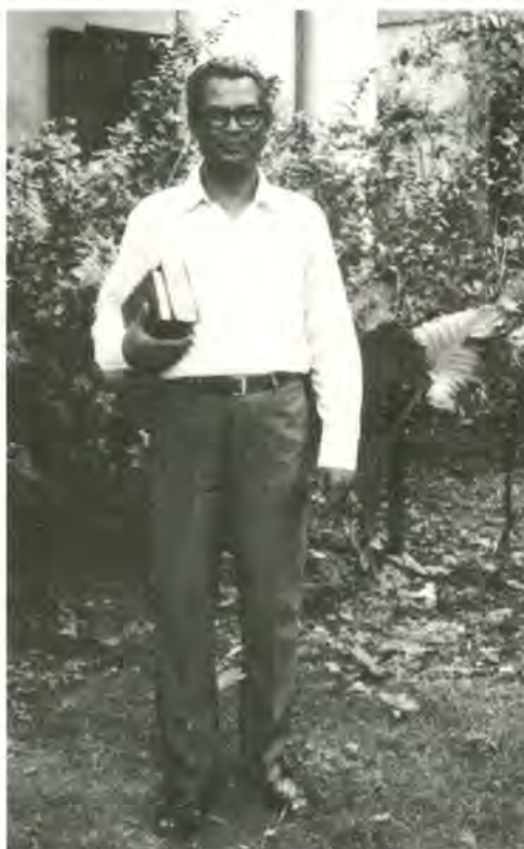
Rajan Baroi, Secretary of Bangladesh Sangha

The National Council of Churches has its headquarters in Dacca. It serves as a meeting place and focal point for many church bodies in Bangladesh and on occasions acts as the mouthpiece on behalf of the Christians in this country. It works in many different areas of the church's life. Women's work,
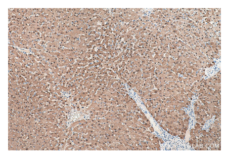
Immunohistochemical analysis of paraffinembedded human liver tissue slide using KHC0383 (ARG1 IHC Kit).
□ □ □ □ □ □ □
§ **What this task involves**:
What's needed is a word-for-word retyping of the listing, minus its pictures.

§ **Solution to the exercise**:
Rajan Baroi, Secretary of Bangladesh Sangha

The National Council of Churches has its headquarters in Dacca. It serves as a meeting place and focal point for many church bodies in Bangladesh and on occasions acts as the mouthpiece on behalf of the Christians in this country. It works in many different areas of the church's life. Women's work,
Immunohistochemical analysis of paraffinembedded human liver tissue slide using KHC0383 (ARG1 IHC Kit).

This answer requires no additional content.